I was feeling very Zen and willing to listen to the advice of inanimate objects because I wanted nothing—I was in love. Jean-Michele had just become my live-in girlfriend, and it was the first time I had ever moved in with someone. I left my artistically hip neighborhood for a much more sedate burb that cost a lot more than the crack den, but I didn’t care. We were delirious in love—we spent all day having sex and fighting, both at the same time when we could manage it.
Cross Anaïs Nin with Encyclopedia Brown and you get Jean-Michele—sensual, funny, and possessed by the dark, passionate practicality of the Polish. I learned about Poland quickly: the first time I met her family we sat in the garden drinking and getting to know one another, two activities that are indistinguishable and interchangeable to the Poles.
We were all drunk and laughing when Babcia came up from downstairs.
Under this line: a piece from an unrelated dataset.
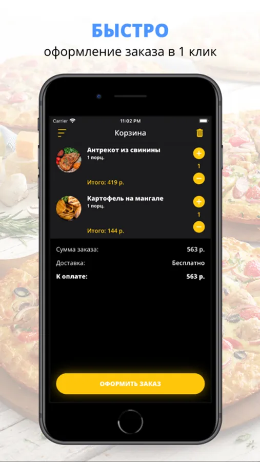 Скачивайте наше приложение, оформляйте заказ и наслаждайтесь любимой едой, где бы Вы ни были! Приятного аппетита!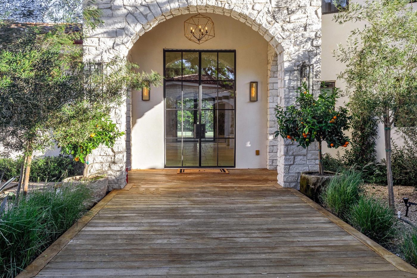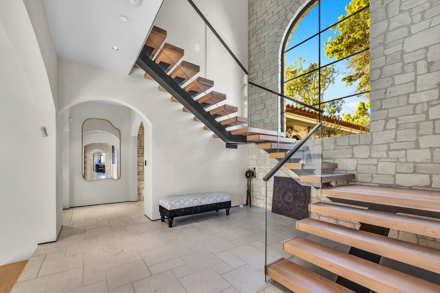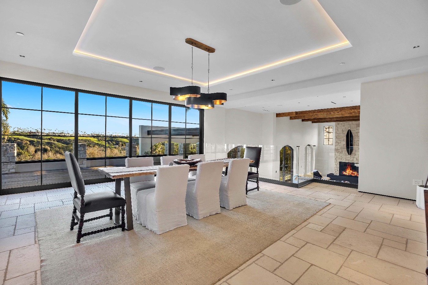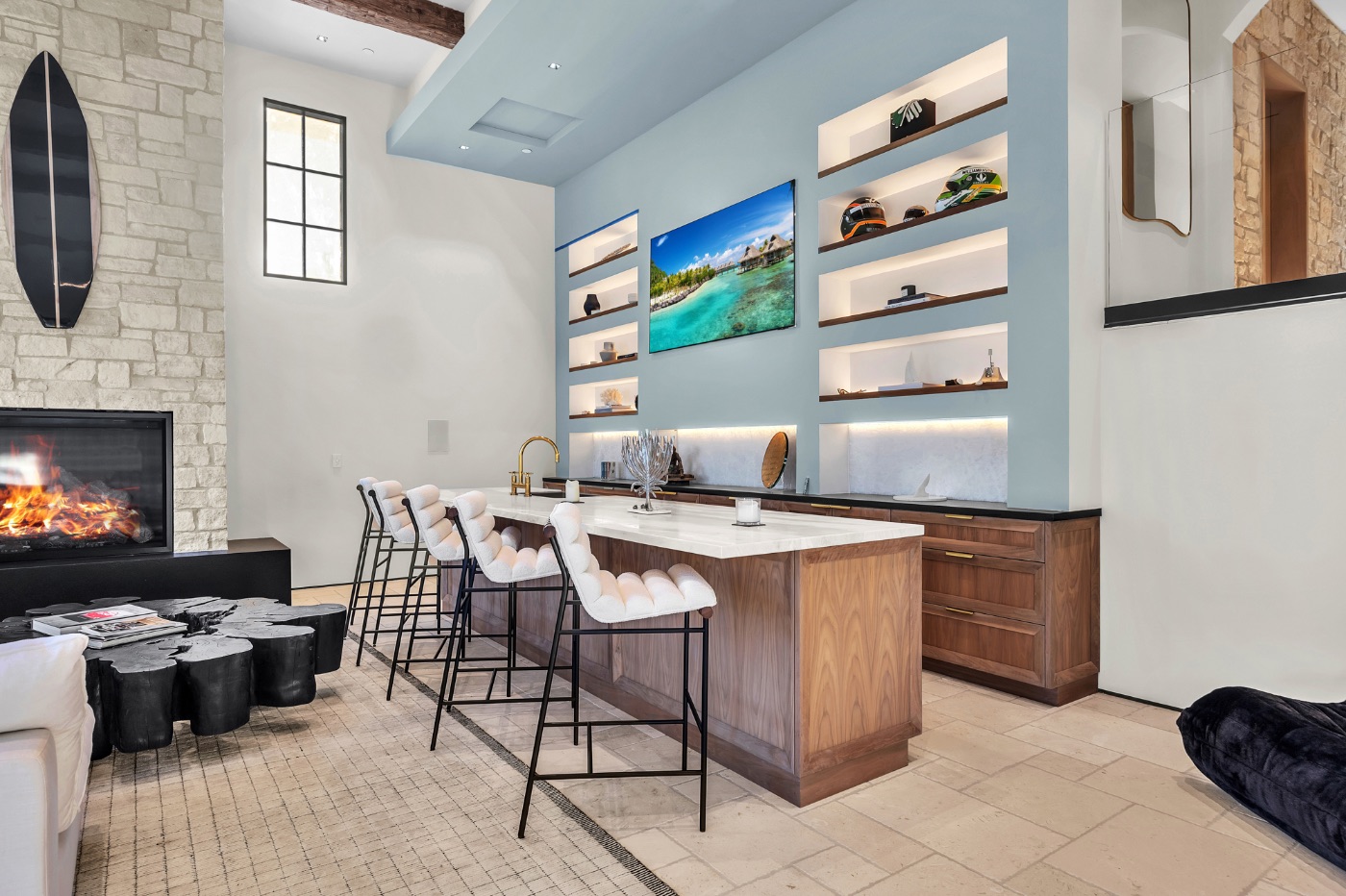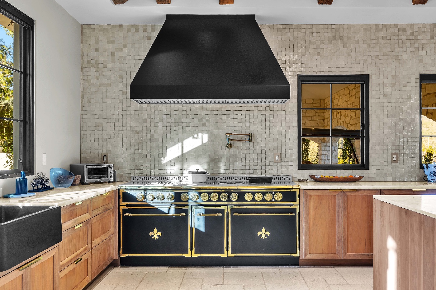 Inside, soaring ceilings with exposed reclaimed wood beams, hand-finished stone archways, and floor-to-ceiling glass doors create a refined yet relaxed environment. The chef’s kitchen, anchored by a professional-grade L’Atelier stove and gourmet appliances, flows seamlessly into multiple living and dining areas designed for entertaining or extended coastal stays.

Babcia is Polish for grandmother but with Babcia it had become a capital B: she was the Babcia of Babcias, the woman about whom I had heard a hundred stories, who had delivered her family from the horrors of the Nazi occupation and to America.
Jean-Michele loves her more than life itself, and meeting her for the first time I was amazed at how tiny she was: I was certain I could fit this matriarch inside of my thigh, that I could have smuggled her over the East German border if necessary. Later I would learn that she was also capable of feeding a person so insistently that they could actually die of a creaminduced embolism right at the kitchen table.
My first glimpse of Babcia was not over a bowl of borscht—she had come outside to find out why we were laughing and shouting at the tops of our lungs. Her eyes were bright and disapproving as she surveyed all of us committing the cardinal sin of drinking in the garden. Think of the neighbors! and Be quiet and careful! were artfully knitted into the shawls she gave away at Christmas. Babcia remains the only woman I have ever met who can actually make guilt shimmer like heat waves in summer.
Maybe she was equally unhappy with all of us, but her gaze settled on me—I had obviously brought this laughing into the house. I saw how clearly I was read, judged, and found unworthy. She knew what I did for a living (nothing) and my ambitions (AWOL). Under duress I would have admitted to being a slacker, but beneath her withering gaze I felt I had earned a more emasculating title: bum. Man without job. Dead weight.
She stood for a minute until everyone else noticed her, and when she had the attention of everyone she said in a clear voice: “You’re all laughing now, but you’ll be crying later.” Then she walked back inside the house without another word.